In Scotland "matrimonial property" consists of all assets (with some exceptions such as gifts and inheritance) accrued during the period of marriage and before the "relevant date". An addition to that general rule is that matrimonial property will also include any property acquired before the date of marriage, if it was acquired for use as the family home or as furniture for such a home.
In terms of the "relevant date" that is generally the date that the parties separated. Normally that is the date upon which they stop living together as man and wife (in some circumstances, couples will still live together under the same roof for practical reasons, albeit they have separated).
A starting point for any divorce negotiations is that all of the matrimonial assets and liabilities have to first be established and then valued (at the relevant date) before negotiating how these will be divided.

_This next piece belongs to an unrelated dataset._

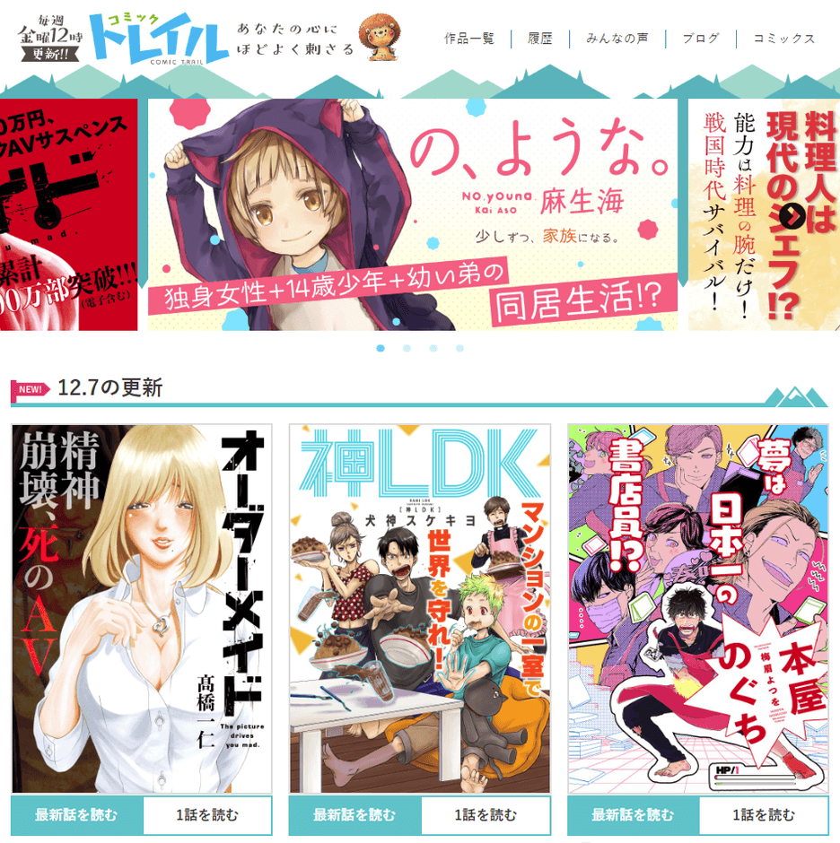 無料webマンガサイト「コミックトレイル」 12/7(金)オープン!

As such, as there are clear boundaries for calculating the matrimonial property under Scots law, the Wyatt v Vince case simply would not get off the ground in Scotland.
Scotland v England?
The Wyatt v Vince case involves a peculiar set of circumstances; which means that it is perhaps unlikely to open the floodgates to similar claims south of the Border. However, what the Wyatt v Vince case has demonstrated is that it is crucial for anyone who finds themselves in a separation situation to obtain legal advice from the outset. There is a common misconception that legal advice is expensive and many consider that they can "do it themselves". However, that is simply not the case. It is crucial that specialist divorce advice is obtained at an early stage to ensure that any settlement is effected correctly, is legally binding and is fair and reasonable. Indeed, a person may find that they have jurisdiction to apply for a divorce in Scotland and England. In that situation, it is even more important to obtain legal advice from the outset; as a person may be financially better off applying in one jurisdiction compared to the other. By obtaining advice, you can avoid potential uncertainty further down the line; or indeed a claim from your ex 20 years later! Had Mr Vince moved to Scotland back in 1984 and applied for a divorce here, Ms Wyatt would have no claim to make.